Parents completed a questionnaire: Did their home have a computer? Did the children use it? How often? Was there a video game system like the Nintendo GameCube, Microsoft Xbox, or Sony Playstation 2? Also, did the children have access to a computer outside the home?

He found that about half of the families -- 53% -- had a computer at home, and most had some sort of game system, too.


  • 83% of home computers had children's software on their computer.
  • 29% of children used their home computer daily; 44% used it at least weekly
  • 56% of families without a home computer had access to one elsewhere.
  • 10% of those children without home access used that computer daily; 33% used it weekly.

"Many kids took advantage of computers in other settings (like the babysitter's house)," Li tells WebMD. "That was good news."

The children were given several tests to measure their eye-hand coordination, motor skills (like running, jumping, catching) and their IQ. Their "school readiness" was also evaluated: Could they follow directions and understand concepts like big and small, right and left?

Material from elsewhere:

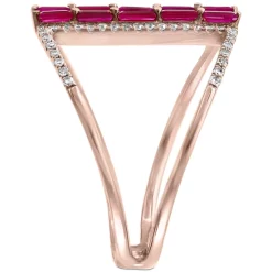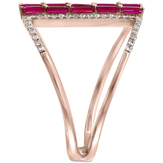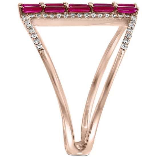 Be dazzled by the deco-inspired artistry of this EFFY ring featuring stunning baguette rubies, framed by round-shape diamonds set in a stunning openwork design.

Importantly, "we didn't see any problems in eye-hand or motor development," says Li. "We didn't see deteriorating impact of computer use."

The Good News

In fact, it was all good news. Preschoolers with computer access had:

  • Higher skill development test scores -- twice as high
  • IQ scores 12 points higher than kids who didn't use computers
  • Better school readiness scores

Were the children using educational software or just playing games? His study didn't look at that specifically. However, it did show that some computer or electronic game exposure was better than none.

"These kids are very young," Li explains. "They cannot do Excel or Power Point. They must be limited to simple games or simple learning. How the child uses the computer may not be important. But whether they use it is important."